Reproduce the listing below word for word, with no pictures.

DATASET EXCERPT:
---------------

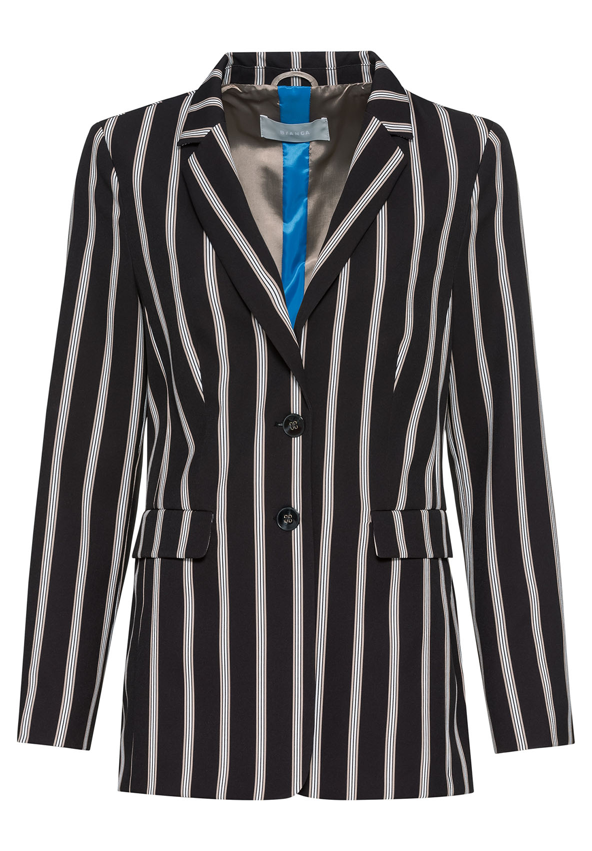 Отличный выбор - стильный жакет Joanna с принтом в полоску. Модная длина - абсолютный маст-хэв этого сезона. Эластичный материал на подкладке особенно удобен в ношении. В дизайне жакета сочетаются такие признаки классического стиля, как простой крой, воротник с лацканами, застежка на пуговице и карманы на клапанах. Длинный жакет в сочетании с джинсами и кроссовками создает современный образ. • длинный жакет в полоску • качественный эластичный материал на подкладке • узкие вертикальные полосы белого и бежевого цвета • карманы на клапанах, воротник с лацканами, застежка на пуговицах • длина около 72 см
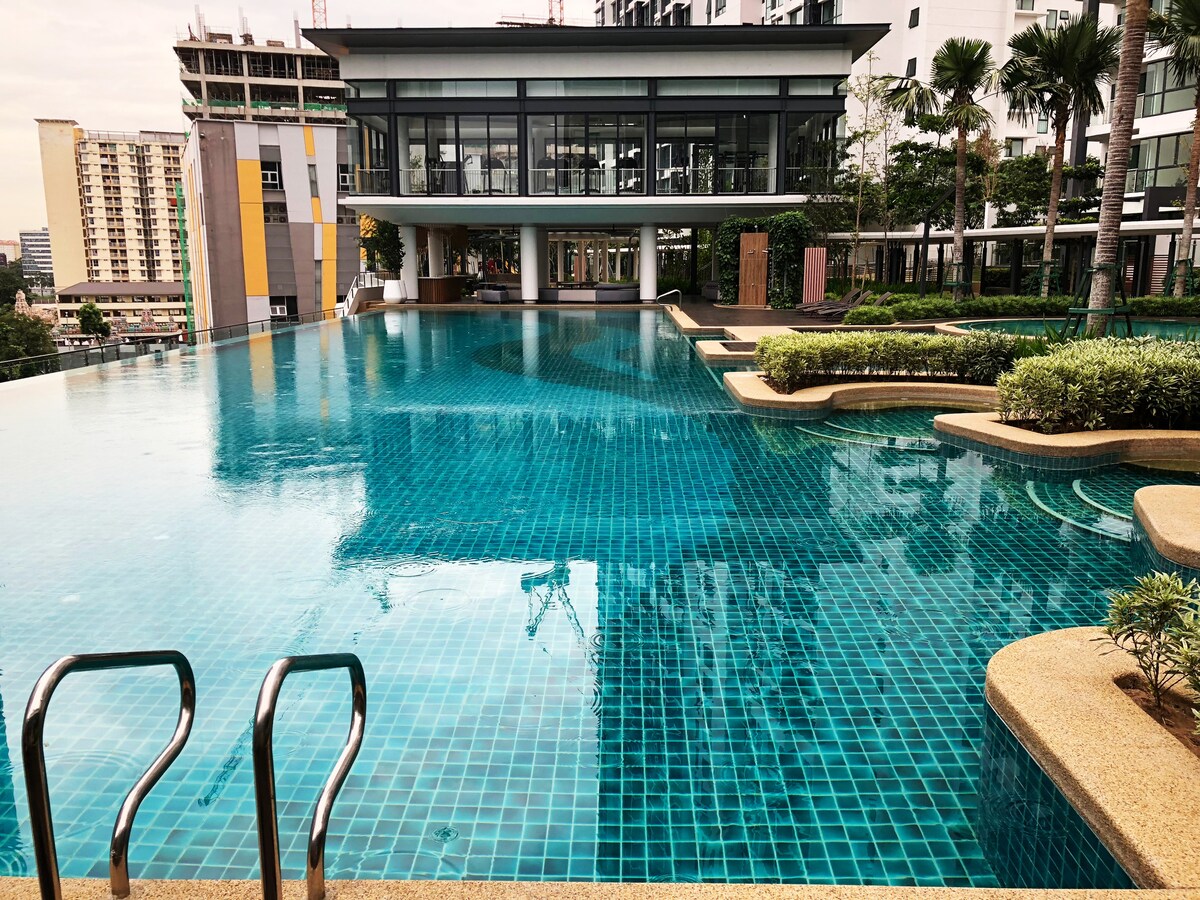 Whether you are looking for a hidden gem to re-energize or a Get Away to Heal in the city, this is your ideal spot! - Poolside with 5-star hotel ambience facing KL city view as your backdrop - Nearest MRT & LRT station is Chan Sow Lin station. TRAVEL TO THE HEART OF KL (Bukit Bintang) in just 2 stops. -Plenty of activities and spots for social media worthy photos in the building. - Central location that makes it super convenient for bar hopping, city-venturing
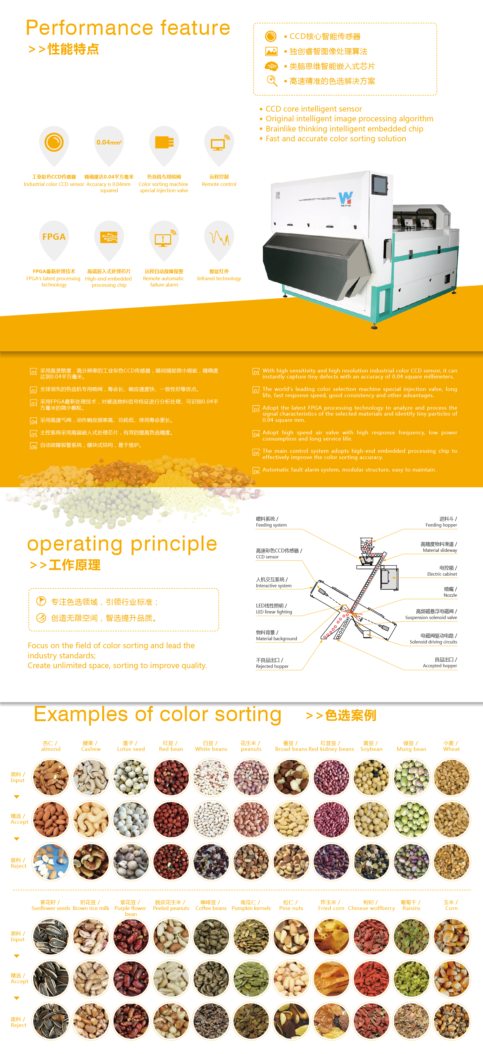The Multifunction Color Sorter product is equipped with advanced technical features to ensure smooth and efficient operation. Our technical support and services team is available to assist with any issues you may encounter with the product, including:
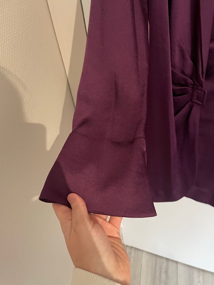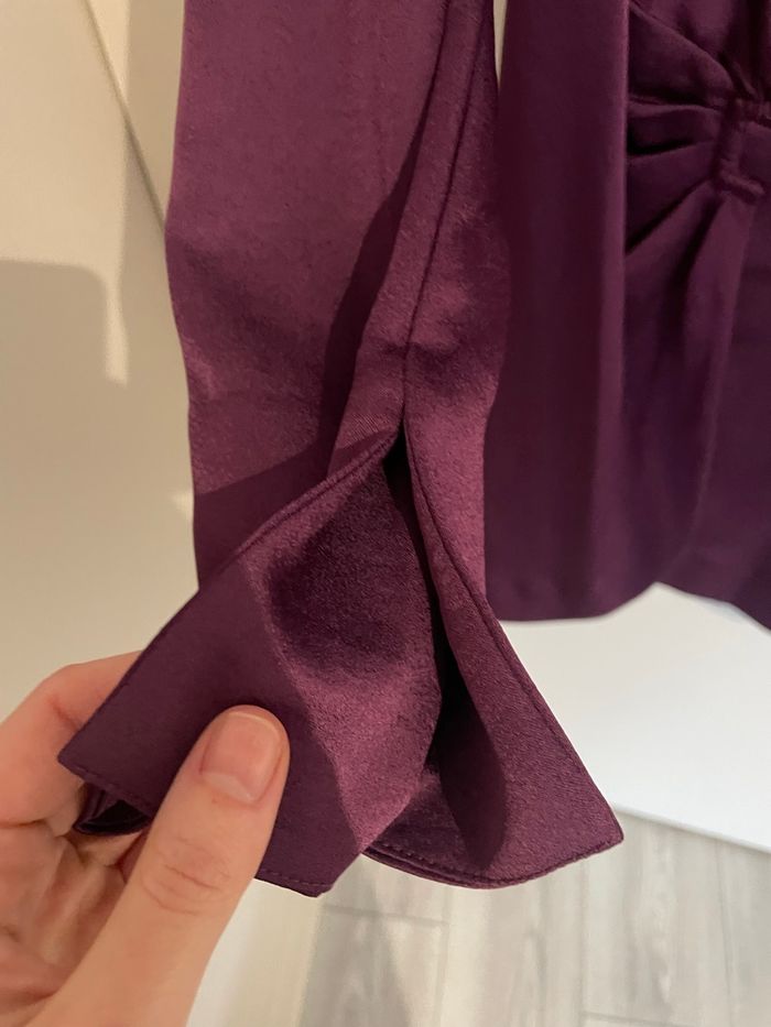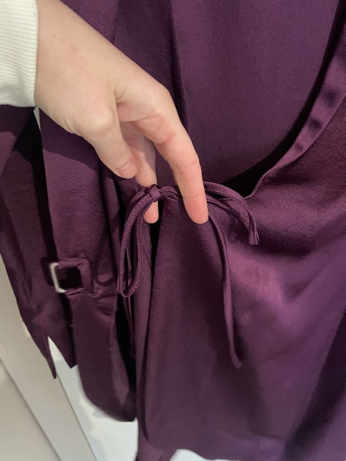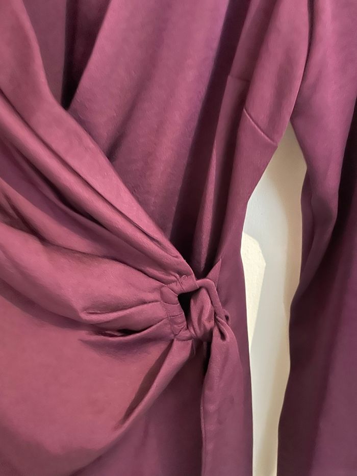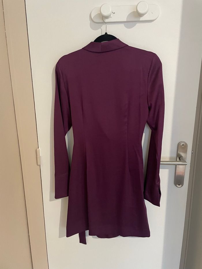 Description : robe de soirée ou cocktail courte - style en soie satiné Taille / pointure : M Couleurs : violet Détails : cache cœur et noue à la taille Marque : aucune Défauts : Peu porté

---------------

THE COMPLETED TASK:
 Отличный выбор - стильный жакет Joanna с принтом в полоску. Модная длина - абсолютный маст-хэв этого сезона. Эластичный материал на подкладке особенно удобен в ношении. В дизайне жакета сочетаются такие признаки классического стиля, как простой крой, воротник с лацканами, застежка на пуговице и карманы на клапанах. Длинный жакет в сочетании с джинсами и кроссовками создает современный образ. • длинный жакет в полоску • качественный эластичный материал на подкладке • узкие вертикальные полосы белого и бежевого цвета • карманы на клапанах, воротник с лацканами, застежка на пуговицах • длина около 72 см
 Whether you are looking for a hidden gem to re-energize or a Get Away to Heal in the city, this is your ideal spot! - Poolside with 5-star hotel ambience facing KL city view as your backdrop - Nearest MRT & LRT station is Chan Sow Lin station. TRAVEL TO THE HEART OF KL (Bukit Bintang) in just 2 stops. -Plenty of activities and spots for social media worthy photos in the building. - Central location that makes it super convenient for bar hopping, city-venturing
The Multifunction Color Sorter product is equipped with advanced technical features to ensure smooth and efficient operation. Our technical support and services team is available to assist with any issues you may encounter with the product, including:
 Description : robe de soirée ou cocktail courte - style en soie satiné Taille / pointure : M Couleurs : violet Détails : cache cœur et noue à la taille Marque : aucune Défauts : Peu porté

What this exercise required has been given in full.